Alright, since renranyanyu has inspired me, I should also make such sentences where 这天 and 这一天 are apparently not interchangeable...
*这一天*够忙的！ -*Such a day*, busy enough!
*这天*够热的！ -*This weather*, hot enough!

To kong.zhong, please see my post#8. My point is that zhei4, nei4 are just accents of 这, 那, not contractions of 这一, 那一. If you write them down, 一 should not be written.


----------



## kong.zhong

I never heard 这天。but 那天 is Ok.


----------



## SuperXW

kong.zhong said:


> I never heard 这天。but 那天 is Ok.


Baidu it, you get "相关结果约100,000,000个". As a Chinese you declared you "never heard" of it. I don't know what to say.


----------



## xiaolijie

kong.zhong said:


> I never heard 这天。

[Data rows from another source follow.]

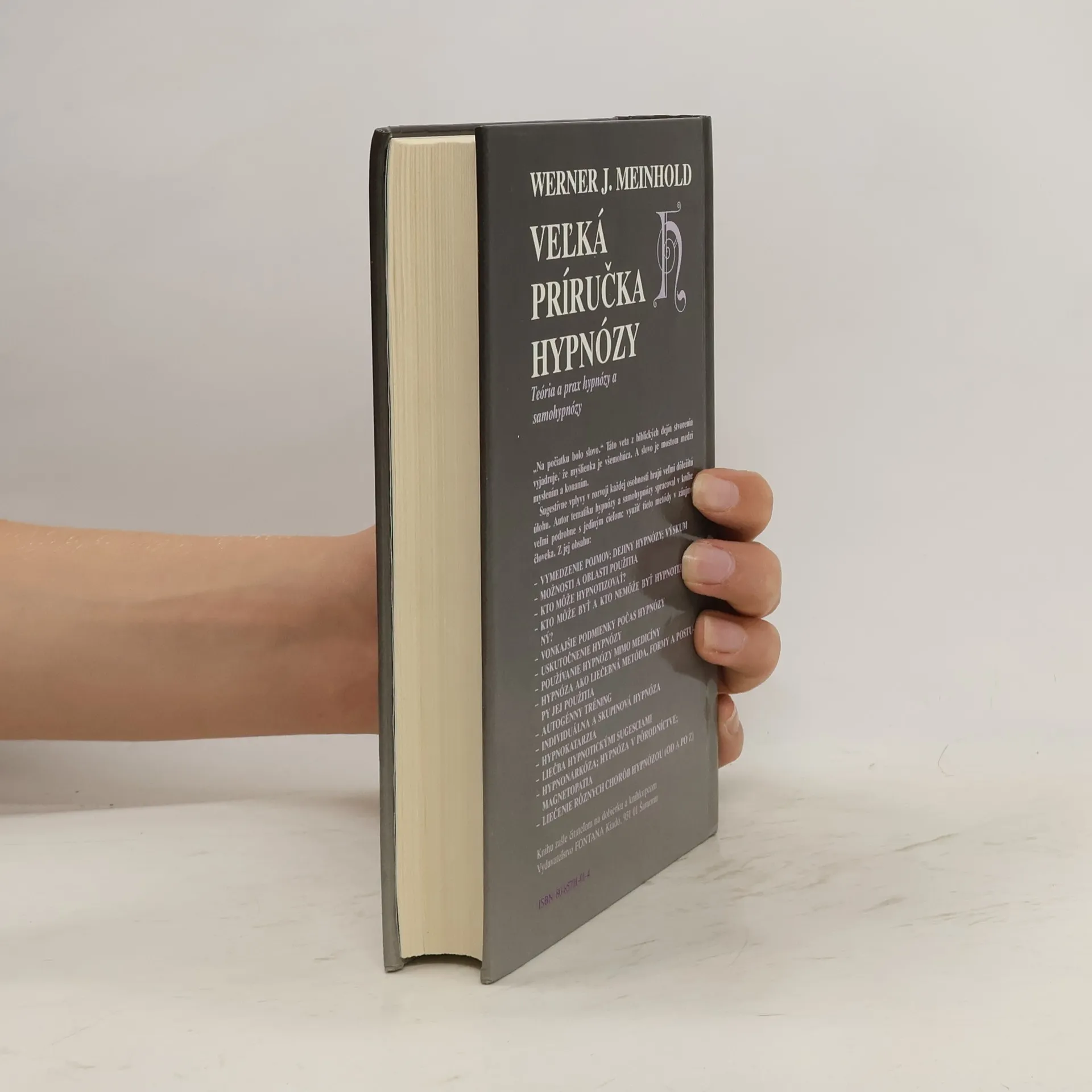 Teória a prax hypnózy a samohypnózy „Na počiatku bolo slovo.“ Táto veta z biblických dejín stvorenia vyjadruje, že myšlienka je všemohúca. A slovo je mostom medzi myslením a konaním. Veľmi podrobná publikácia o použití hypnózy v medicíne, psychológii, pedagogike i v súkromnom živote od popredného nemeckého odborníka. Ako sa naučiť hypnotizovať? Ako využiť hypnózu v praxi atď.
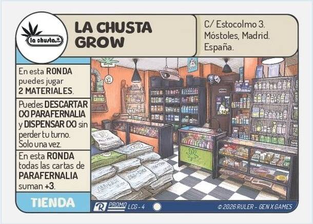 La Chusta Grow is a promotional "Tienda" (Shop) card for the urban card game Ruler. This promo card represents a real-world location in Móstoles, Madrid. During the round it is active, players can play up to 2 Materials and all Paraphernalia cards receive a +3 score bonus. Additionally, it offers a powerful one-time ability: you can discard (X)...
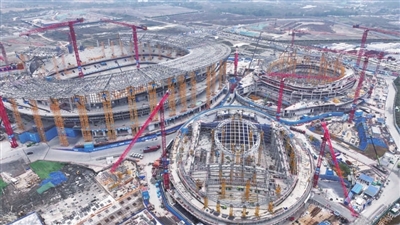 本报讯 (记者 朱云岚 通讯员 刘家彤) 昨日,新中心重大配套项目、中轴线地标性建筑余杭国际体育中心“一场两馆”屋面钢结构全面合龙。
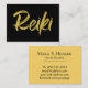 * Mighty Size - Reiki Master or Reiki Practitioner Gold Glitter word REIKI on black background business card.*
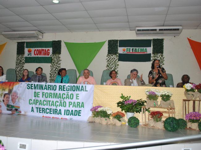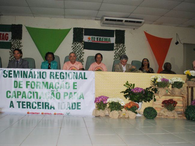 Promovido entre os dias 11 e 13 deste mês pela Federação dos Trabalhadores na Agricultura do Estado do Maranhão (Fetaema), o Seminário Regional de Formação e Capacitação para a Terceira Idade contou com a participação do defensor público titular do Núcleo de Defesa do Idoso, da Pessoa com Deficiência e da Saúde, Cosmo Sobral da Silva; da coordenadora do Centro Integrado de Apoio e Prevenção à Violência contra a Pessoa Idosa (Ciapvi), da Defensoria Pública do Maranhão (DPE/MA), assistente social Isabel de Fátima Lopizic. Uma apresentação do coral “Vozes de Sabedoria”, do SESC/MA, abriu o ato solene de instalação do seminário.
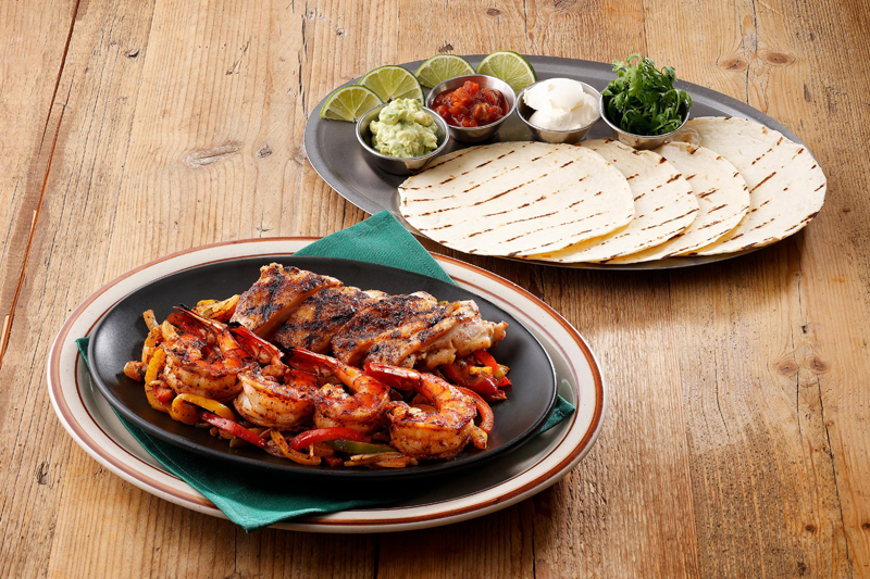 南西部サウスウェスタンからは、テキサス州発祥の「チキン&シュリンプファヒータ」。スパイシーにグリルした具材をトルティーヤで包んで味わう料理。サラダバーの野菜を加えて、自分好みにアレンジするのも楽しみの1つ!
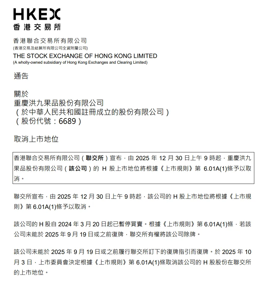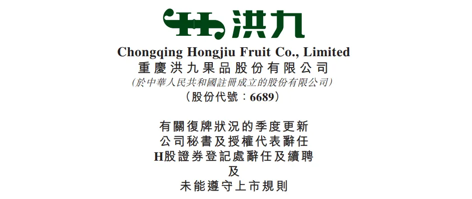 此前,因洪九果品未能在9月19日之前复牌,港交所在10月3日作出了取消公司上市地位的决定。公司曾于10月13日申请复核,但港交所称,上市复核委员会维持取消公司上市地位的决定。
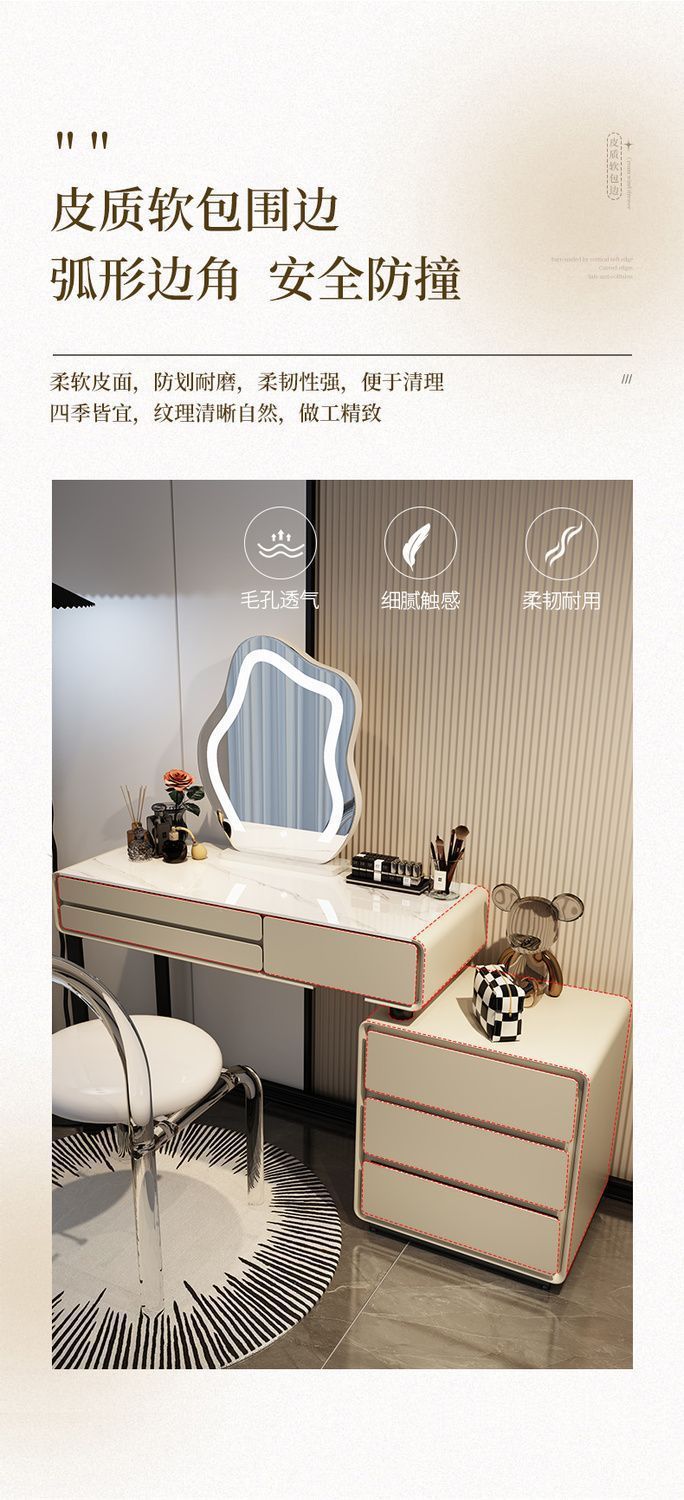 2024 크림 스타일 록 보드 솔리드 우드 드레싱 테이블 침대 테이블 통합 인터넷 연예인 텔레스코픽 드레싱 테이블 침실 현대 단순스토어 가기
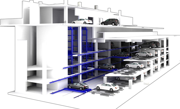 平面移動(dòng)類產(chǎn)品是在同一水平層上用搬運(yùn)器平面移動(dòng)汽車或載車板,實(shí)現(xiàn)存取汽車的機(jī)械式停車設(shè)備,多層平面移動(dòng)類停車設(shè)備還需要升降機(jī)來(lái)實(shí)現(xiàn)不同層間的升降。設(shè)備內(nèi)利用激光測(cè)距來(lái)行走定位,采用光通訊無(wú)線信號(hào)傳送,變壓變頻(VVVF)驅(qū)動(dòng)和微機(jī)控制方式使整座車庫(kù)實(shí)現(xiàn)低振動(dòng)、低噪聲、低成本和高效率的運(yùn)行?蓛(nèi)置自動(dòng)升降旋轉(zhuǎn)裝置,配以先進(jìn)的導(dǎo)航指示,無(wú)須司機(jī)倒車,自動(dòng)化程度高,有著其他類型車庫(kù)無(wú)法比擬的技術(shù)優(yōu)點(diǎn)。
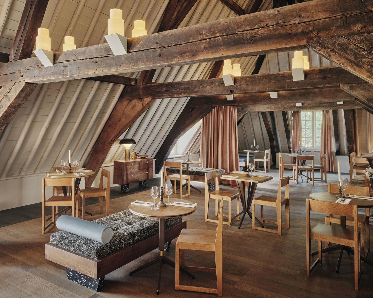 A few steps further up lies 'Salone Royale,' a spacious attic area for large groups, furnished with a combination of comfortable poufs, chairs, daybeds, and tables. The tall wooden ceiling, gable roof and exposed beams create an expansive yet intimate ambiance that celebrates its vernacular architecture. Sculptural lights on the beams add a modern touch, while a diverse mix of seating and tables adds a further dash of character. A cocktail bar features elements similar to those on the ground floor, with suspended travertine spherical light fixtures on the front bar. The sloping walls of the back bar are entirely covered in mirrors, offering guests a closer view of the bartenders at work.The versatility and playfulness of this floor encapsulate the essence of Hotel Rumour: a historic building given new life by a design aesthetic at once playful, refined and grandiose with a galaxy of details that reveals more of itself on every visit.
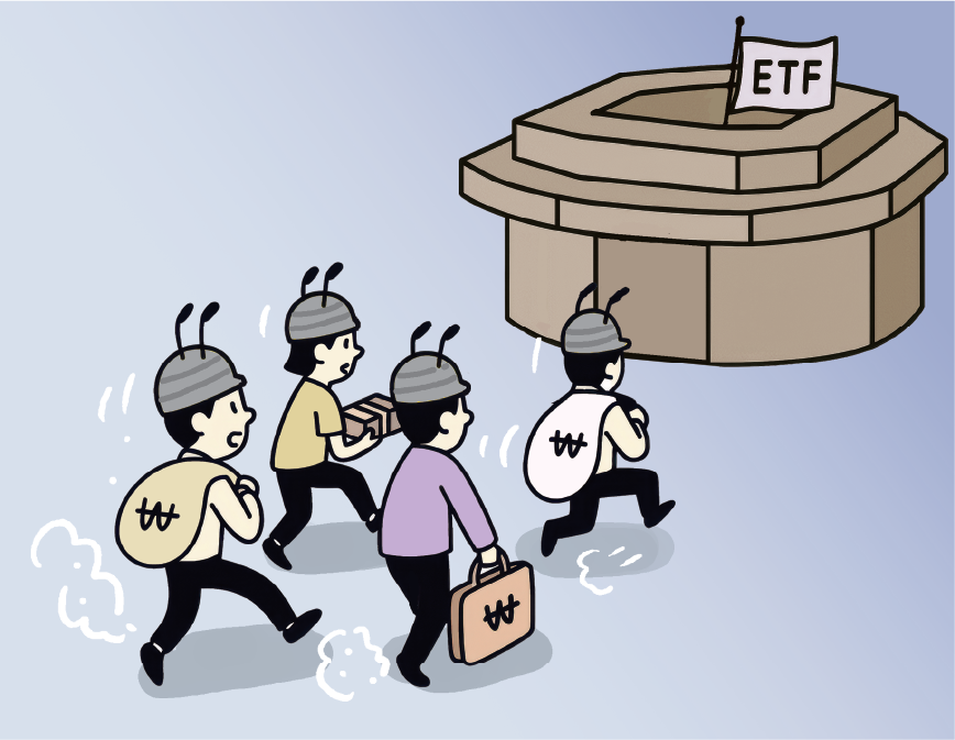 개미들은 ETF 투자를 통해 과거보다 국내 투자를 늘리고 있다. 코스콤에 따르면 개인 투자자들은 올해 국내 지수 추종 ETF를 총 13조8271억 원어치 순매수했다. 국내에 상장된 해외 지수 추종 ETF 순매수액은 14조2171억 원어치였다. 반면 지난해에는 국내 지수 ETF(약 6조 원어치) 순매수액이 해외 지수 ETF(약 13조 원어치)의 절반 수준이었다. 국내외 투자액 격차가 좁혀졌다.
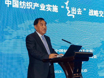 今天,中國紡織工業(ye) 聯合會(hui) 在北京召開“中國紡織產(chan) 業(ye) 實施‘走出去’戰略交流大會(hui) ”,這是在加快建設紡織強國的重要時期,第一次較大規模地組織,政府、研究部門、各兄弟協會(hui) 、有關(guan) 機構以及全產(chan) 業(ye) 鏈的紡織人共聚一堂,就紡織產(chan) 業(ye) “走出去”的宏觀背景以及相關(guan) 路徑、經驗、方法進行深入交流的重要會(hui) 議。我謹代表中國紡織工業(ye) 聯合會(hui) 對各位的到來表示熱烈的歡迎和衷心的感謝!在這裏,我想結合近年來的發展實踐,就我國紡織產(chan) 業(ye) 當前實施“走出去”戰略所麵臨(lin) 的形勢和任務談幾點看法,供各位參考。
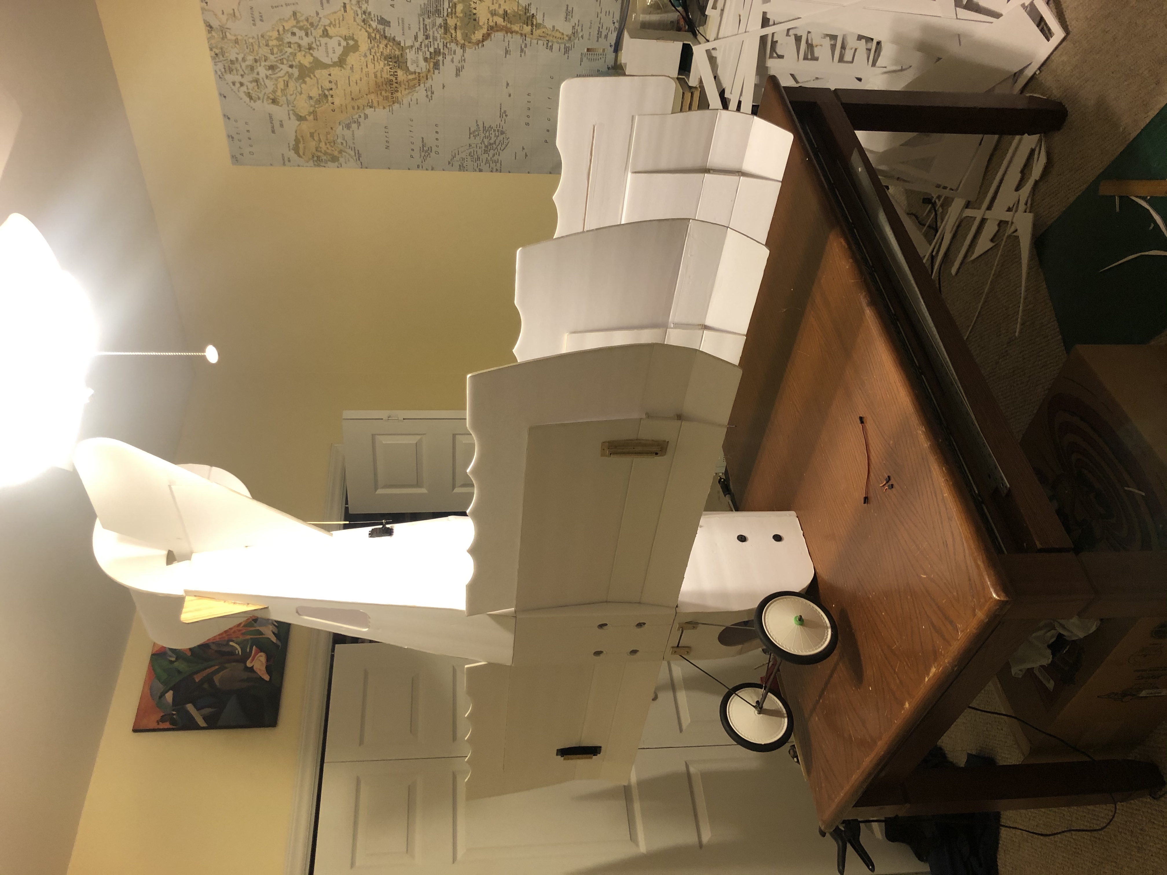 It was truly a “Mighty” Mini. I crashed it numerous times but it held out and to this day 3 years later it is still flying. I really enjoyed flying it but wanted to build a bigger one. So I enlarged the original 24” wingspan plans to 42” wingspan so now it took 6 sheets of foam instead of 2. The larger model had ailerons on the top wing. On the maiden flight it turned out it had major adverse yaw. I reconfigured the ailerons so they only had down movement about 1/4” and up movement about 1” as well as mixing in the rudder with the ailerons and using a bigger prop. This took care of the problem and now it flies very nice and slow.
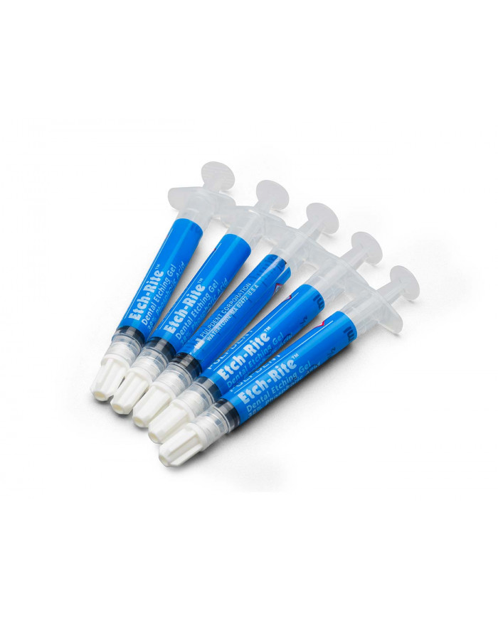 La norme mondiale depuis plus de deux décennies, Etch-Rite est un gel de mordançage de qualité supérieure formulé pour les caractéristiques de travail et de manipulation maximales. À utiliser pour des milliers d’applications, Etch-Rite se dispense à travers des aiguilles de petite gauge pour une application précise, reste en place sans couler et se rince facilement sans laisser de résidu. Sa couleur bleue permet une meilleure visibilité. Etch-Rite agit en 15 secondes et son maintien mécanique offre un collage optimal. Aussi disponible en format économique.
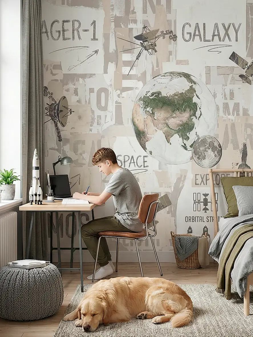 Погрузитесь в атмосферу исследования вселенной с этими винтажно-артовыми фотообоями. Центральный крупный план Земли в сочетании с ручными эскизами астронавта, спутников и ракет создаёт стильный коллаж для детской, кабинета или гостиной. Тёплая пастельная палитра и текстурные наложения добавляют глубины и уюта, сохраняя современный дизайнерский вид.

but 那天 is Ok.


When I searched Google, I found the song 这天 (You try, and tell us if the lyrics makes sense, kong.zhong!). There's also a song with the name 那天, which is one of my favorites


----------



## kong.zhong

Hi, Xiaolijie
I googled the song, and got the lyric. there are two sentences that are 请让我在你身边 一起纪念这一天 and 你笑了 我笑了 笑了 这一天。is it the one that you said?
but there is not 这天 in the lyric.
There is no problem with 这天 in grammar, but 这一天，那天，那一天 is used more often instead of 这天。


----------



## xiaolijie

Yes, that is the song 

For the use 这天, you can see loads of its examples here:
http://www.jukuu.com/show-这天-0.html


----------



## SuperXW

搜索时用英文引号括住"这天"，就不会连"这一天"一起搜。你还可以用减号来排除特定词组。

"魔镜歌词网"的不完全统计：
歌名包含"这天"：http://mojim.com/這天.html?t3
歌名包含"这一天"：http://mojim.com/這一天.html?t3


----------